If you don't have fusable links, check for an aftermarket fuse that may have been installed or like the previous reply for some new electrical tape. A digital voltmeter (go cheap if you just use it minimal) will help you figure out if you have a draw with the key off engine off or like the previous reply key on engine on doing his method. I tested mine, I think I put one end on the negative terminal and the other on the end of the negative connection to pull the reading of draw (key off engine off) and since it read voltage I had a draw, while it was off. Keep in mind there are two theories of how electricity flows, Positive to Negative and Negative to Positive. In automobiles, you end up using a little of both, they are wired for Positive to Negative trouble shooting but if you're looking for a draw with the engine off your testing the opposite since that's really the direction it goes. Those two theories help a bit when you're troubleshooting with a digital voltage ohm meter.
**Anyone correct me if I'm wrong, it happens and I'm not afraid to admit it.
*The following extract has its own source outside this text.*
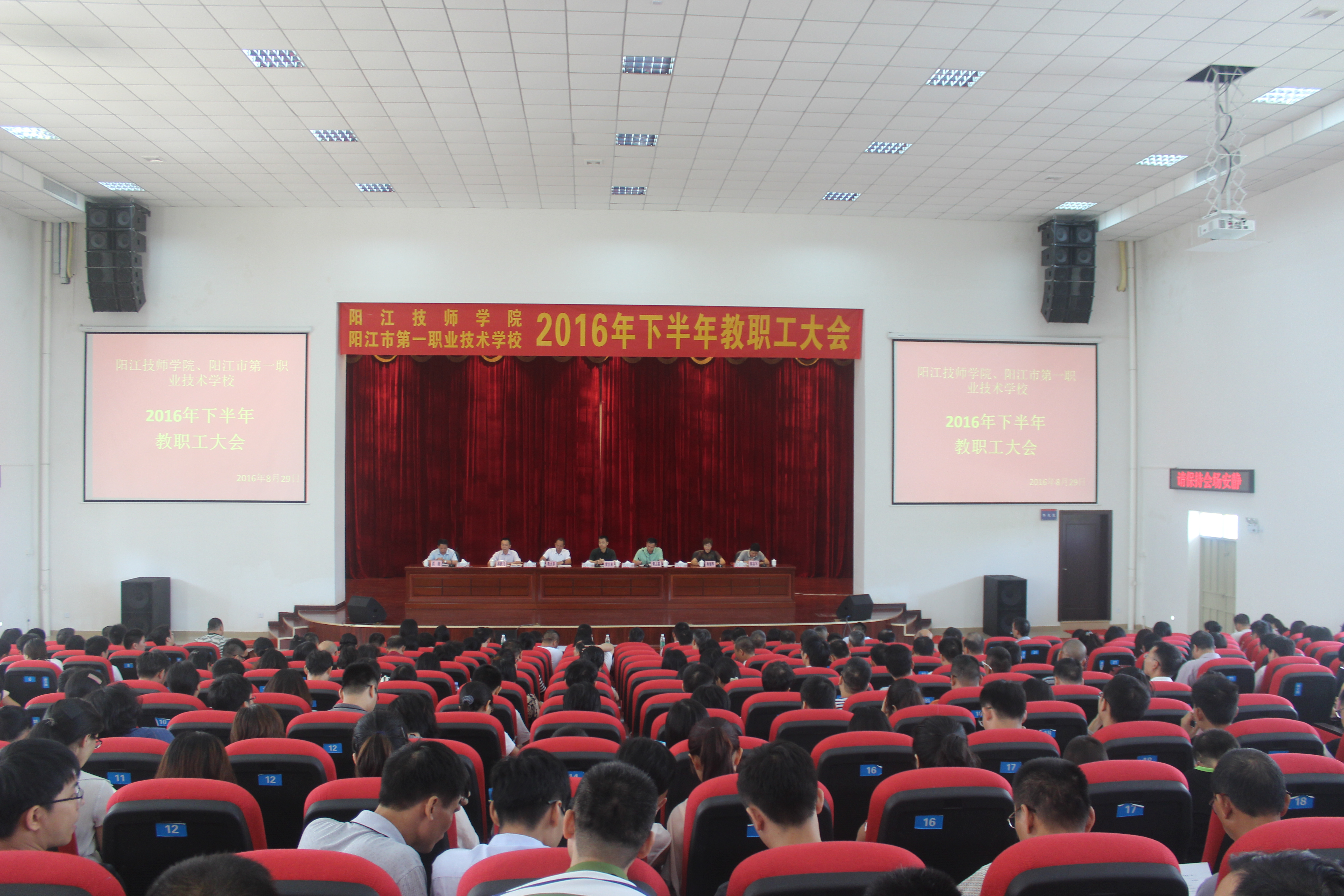 此次大会是我校新学期开学前期的一项重要工作,目的是谋划布局2016年下半年各项教学管理工作的建设和发展,会上,大会主持人谭志葆书记首先向全体教职工介绍了学校通过招才引进的10位新教师,随后杨丽萍、陈志军、洪海等三位副校长就2016年下半年各自分管的教学、后勤管理、学生管理等工作进行了安排。最后,校长雷自南就2016年下半年学校的各项工作进行全面部署,指明了下半年着力狠抓的重点工作,一是要多措并举,切实加强师资队伍建设。二是要居安思危,确保稳定招生规模。三是深化改革,不断强化办学特色。四是出台措施,提高班主任管理水平。五是规范管理,努力实现科学治校。为能够将2016年下半年学校的五大重点建设工作做好,校长雷自南同时向全体教职工提出了几点要求和希望,一是加强学习,提升素质。二是顾全大局,加强团结。三是强化责任,狠抓落实。四是为人师表,全员育人。五是摆正心态,努力工作。

As for the dying while running, also keep an eye on that voltage gauge while you're driving. Innova makes a $60 voltmeter where you can check the alternator while the car is running to find out whether it's within specs, rather than have to always go to the Zone and waste an hour of your day. I have a repair manual for 77, which should be very similar to your year, PM me and I'll get it to you.
Speaking from experience here... don't go throwing parts at it until you know the problem. They all add up quickly, slowly killing the budget. I did that with my current project and wasted WAY too much money. Now I'm struggling finishing it.
Last thing here... take a picture of some of that wiring, like the one you posted originally but your car this time. I think a lot of these guys in the forums know what looks right and what looks wrong who can point you in the right direction.